My shy, nervous guy and I graduated from INtermediate class last night. This class is geared toward people and dogs who have an eye toward competing.

We began the class 8 weeks ago not even IMAGINING that we could possibly compete. I got really down on myself for being such a poor handler of my unconfident boy. However, after some great advice from my fellow board members, we got back on track.

Anyway, our instructor and several of the seasoned obedience competitors in class said they were really impressed with our progress and that Ozzy could certainly compete with of course more training! I couldn't believe it!

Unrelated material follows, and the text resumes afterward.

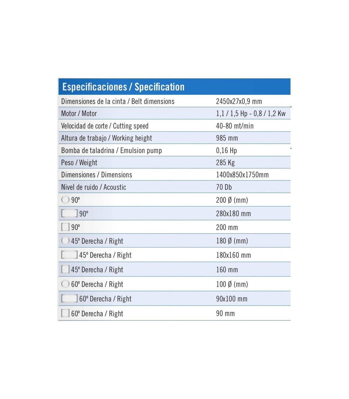 Capacidad de corte cuadrado       60º   derecha  90X90 mm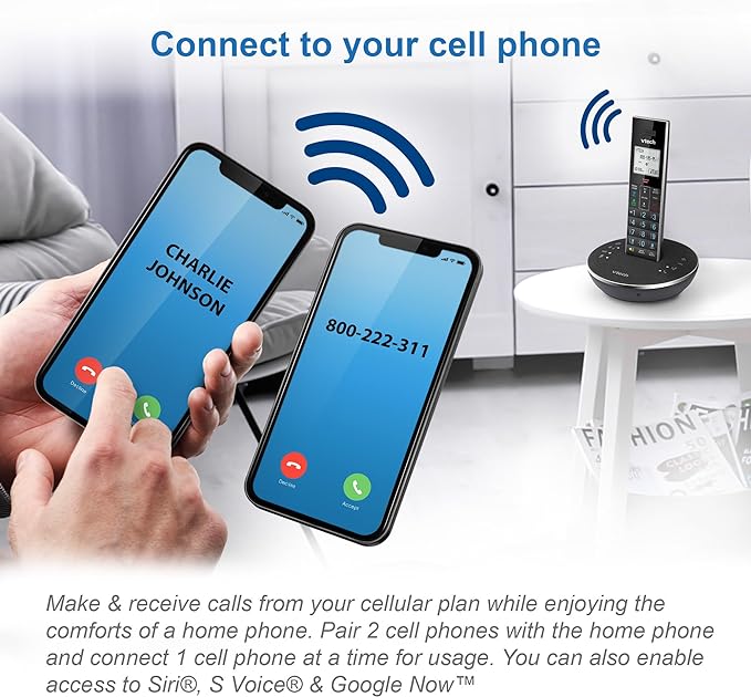- [Make & receive cellular calls using Bluetooth Connect to Cell feature] - Make and receive calls from your cellular plan while enjoying the comforts of a home phone. Pair up to 2 cell phones and connect 1 cell phone for use with landline calls. Access your mobile smart assistants such as Siri, S Voice and Google Now using this phone system.

We start beginning Rally Sept. 12th and I'm going into it with renewed confidence in my handling and Ozzy's abilities. Not much of a brag I know, but for a shy rescue GSD, this is pretty big deal!


----------



## GSDBESTK9 (Mar 26, 2002)

Congratulations! That is awesome and a great achievement!


----------



## aubie (Dec 22, 2008)

That's a huge deal!! Congrats to you both for your acheivements!!


----------



## Doubleminttwin (Aug 21, 2009)

Way to go! You must be so proud of yourselves!! Congrats!


----------



## kleinenHain (Sep 20, 2007)

Congrats!! keep up the good work.


----------



## samralf (Dec 23, 2008)




----------



## caview (Jun 30, 2008)

It's HUGE!! Congratulations and look forward to more brags!!!!

Tanya


----------



## dOg (Jan 23, 2006)

If you couldn't tell already, this is why this place exists...
it's this sort of blossom we all hope to help one another achieve.

Congrats!


----------



## JakodaCD OA (May 14, 2000)

Congratulations to you both !!!!


----------



## Kayos and Havoc (Oct 17, 2002)

Yahoo!!! That is wonderful news!!! Keep going!


----------